The greatest enemy of any quantitative trader is (curve-fitting). An overfitted strategy is perfectly tuned to the historical data used to create it, but fails catastrophically when trading live on unseen market data.
The code runs in a live market environment but does not send real orders. The Strategy Quant compares simulated fills to theoretical fills. Is the latency hurting the Sharpe ratio?

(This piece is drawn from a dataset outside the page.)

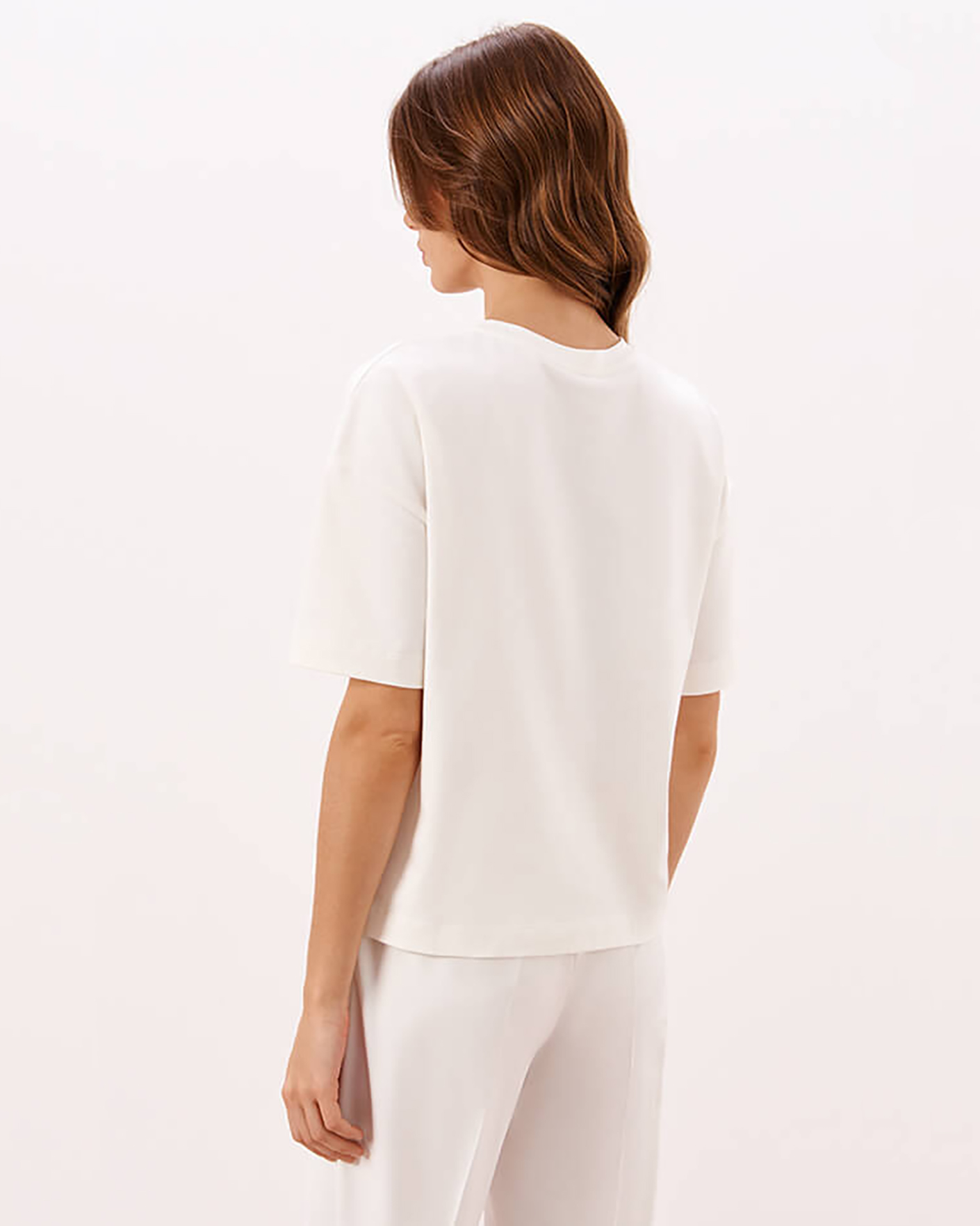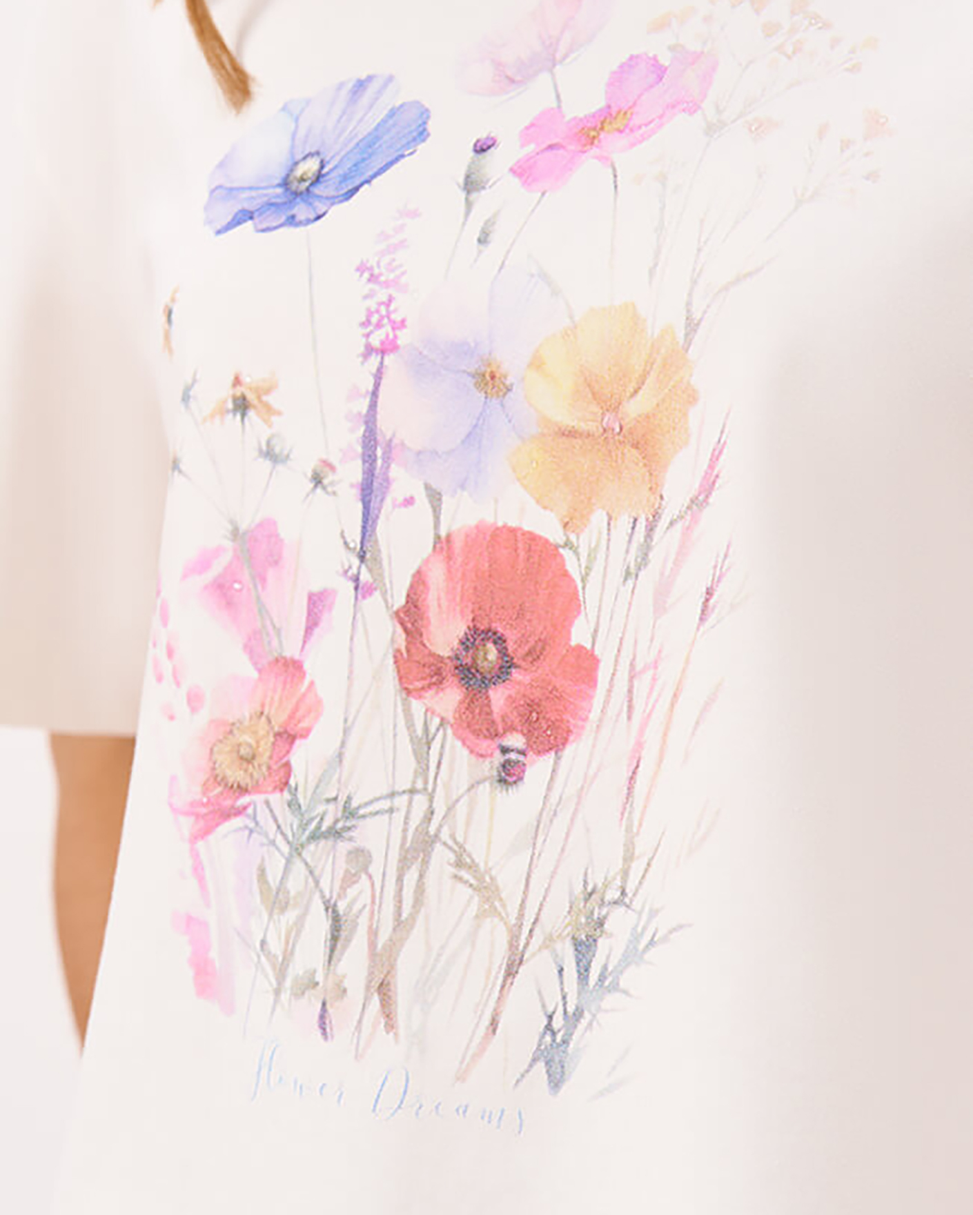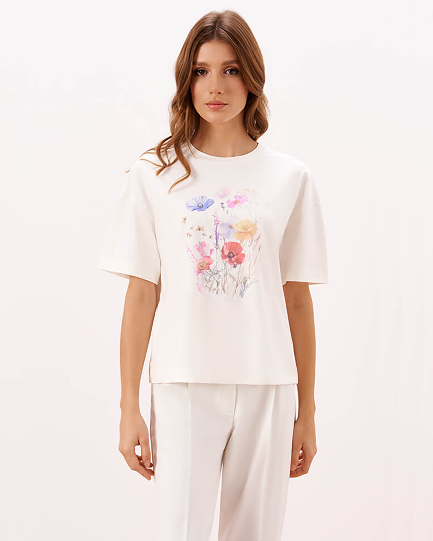 Футболка Nelva молочного цвета с цветочным принтом по центру. Хлопковая модель с круглым вырезом, короткими рукавами. Футболка - универсальная вещь на каждый день.

Fixed lot size, percentage of account risk, or ATR-based position sizing. Step 3: Massive Automated Generation
Open, High, Low, Close, and Volume across various timeframes. Order Types: Market orders, stop orders, and limit orders. 2. Genetic Generation
Is the Strategy Quant becoming obsolete? No, but the tools are changing.
A truly robust mathematical edge often performs well across multiple instruments. StrategyQuant allows users to cross-test a strategy generated on EUR/USD against GBP/USD, AUD/USD, or indices with a single click. Strategies that fail on correlated markets are flagged as potentially overfitted. Supported Asset Classes and Platforms
In 2025, many fund managers ask: Why do I need a Strategy Quant when I have Reinforcement Learning (RL) and AutoML?
You cannot rely on standard regression alone. You must understand:
Strategies that fail to meet your minimum performance criteria are immediately discarded. The strategies that pass are kept in a "databank" as the foundation for the next generation. 4. Crossover and Mutation
Ideal for retail Forex and CFD trading.
Markets do not repeat themselves exactly. StrategyQuant’s Monte Carlo simulator tests how a strategy handles variations by running hundreds of simulations with slight alterations:
To help me tailor any specific details about StrategyQuant for you, please let me know:
How does a raw idea become a live strategy under the watch of a Strategy Quant?